GoDaddy hosts Exchange to offer first desktop mail service

By Elizabeth Montalbano, IDG News Service |  SaaS, email, Exchange Server 2007 Add a new comment

Web domain and hosting provider GoDaddy Monday unveiled its first desktop mail offering based on a partnership with Microsoft to host Exchange Server 2007.

GoDaddy is offering two plans for individuals and small businesses that want to use Microsoft Outlook e-mail client and Exchange messaging server hosted on GoDaddy's infrastructure. One plan offers one Outlook mailbox with 2G bytes of storage for US$9.99 a month. The other offers five Outlook mailboxes with a total of 20G bytes of storage for $59.99 a month.

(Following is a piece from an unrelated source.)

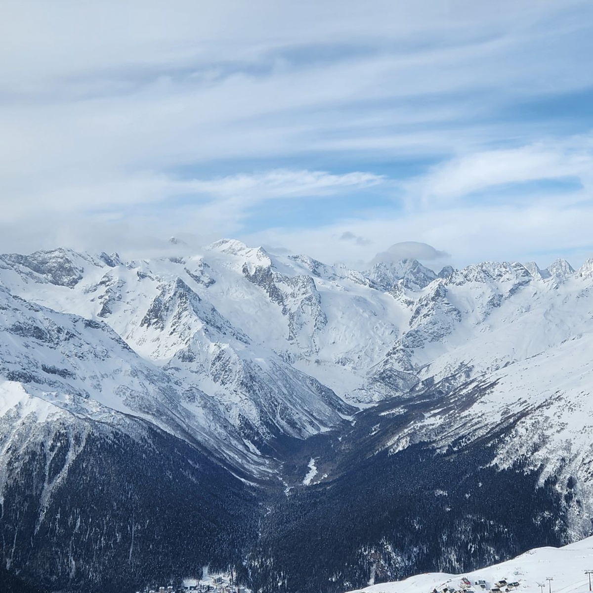 Ну, вот откатав пару дней в Архызе, оглядев окрестности, разогревшись и немного разочаровавшись в данном местечке, перебираюсь в Домбай. Сразу бросается в глаза, что этот поселок намного цивильнее – здесь не только одна центральная улица, за которой огороды. Но есть несколько улочек с более крупными гостиницами, даже есть Пятерочка и Додопицца, очень достойный ресторан Бизон. И еще из приятного – подъемник на гору в пешей доступности. Пунктов проката горнолыжного оборудования полно, ски-пасс стоит 3600 на полный день (9.00-16.00), на часть дня не предусмотрено. Первый спуск с нижней части одновременно и радует, и огорчает. Радует тем, что трасса широкая, оттраченная (чистый вельвет),плавно вьется среди соснового леса. Катишь, дышишь полной грудью – живешь!!! Но выходит трасса не к подъемнику, а к дороге, ее нужно перейти и еще идти метров 200 пешком до подъемника. Это объясняет, почему люди катаются, в основном, на верхних участках, где скатываются прямо к промежуточному подъемнику. По

Both offerings include Microsoft Outlook 2007 or Entourage 2008, the equivalent for Apple's Macintosh platform, as well as mobile access to e-mail.

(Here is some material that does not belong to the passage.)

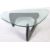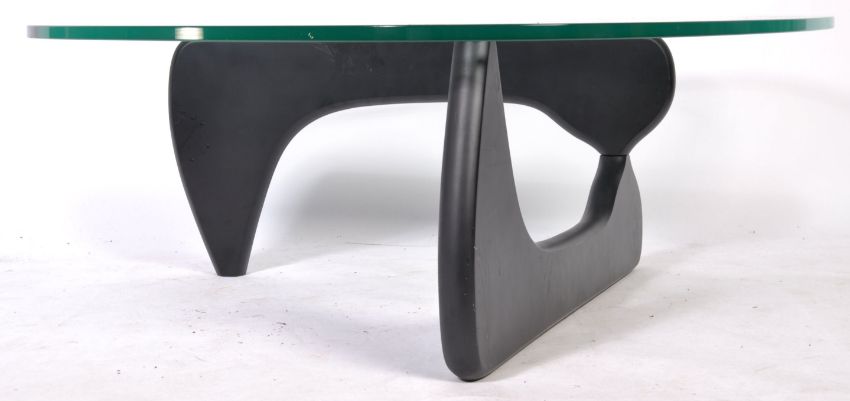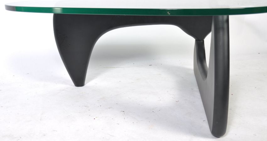 After Isamu Noguchi - Noguchi Table - A contemporary glass topped coffee table. The table comprising of two shaped sections of ebonised ash connected with pin and splayed at a right angle with a large heavy shaped glass top. Originally designed in 1944. Measures approx; 39cm x 128cm x 94cm.

GoDaddy, best known for its domain-registration service, has offered its own hosted, Web-based e-mail for some time. However, demand from customers who already use Microsoft Outlook spurred the company to partner with Microsoft to give customers another hosted e-mail option, said Warren Adelman, president and CEO of GoDaddy.

"It's about offering customers choice," he said. "There are people who use the Outlook client, and there are lots of small companies that use an Exchange Server. We didn't want to have to force them to go to a fully Web-based environment."

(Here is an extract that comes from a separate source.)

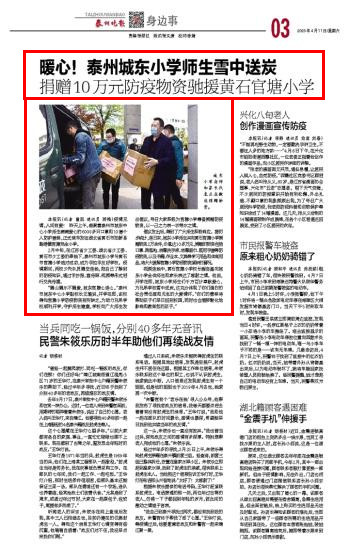 本文刊登于20200411《泰州晚报》A03版头条

Adelman added that some small-business customers who look to GoDaddy to be an "IT business partner" said that they don't have the IT staff or infrastructure to run Exchange Server on premise, but wanted to use the software and the Outlook client for e-mail. "An offering that was essentially a hosted or cloud-based [Exchange] service was attractive to them," he said.

GoDaddy is offering Exchange Server through a licensing partnership with Microsoft, the terms of which Adelman declined to discuss. The company also is part of a program Microsoft already has for partners that offer Exchange as a hosted service to customers.

Microsoft has allowed third parties to offer its Exchange Server on a hosted basis for some time and recently expanded the number of its applications third parties can host to include its SharePoint collaboration and Office Communications Server unified-communications software. Partners can offer all three on a hosted basis to customers as part of a package called Microsoft Solution for Hosted Messaging and Collaboration 4.5.

However, Microsoft soon will become a competitor of these partners as well. Under pressure from Google and other companies that offer their own hosted services to businesses, Microsoft said that next year it will begin offering hosted versions of all three applications as well as Office Live Meeting directly to customers for a monthly subscription.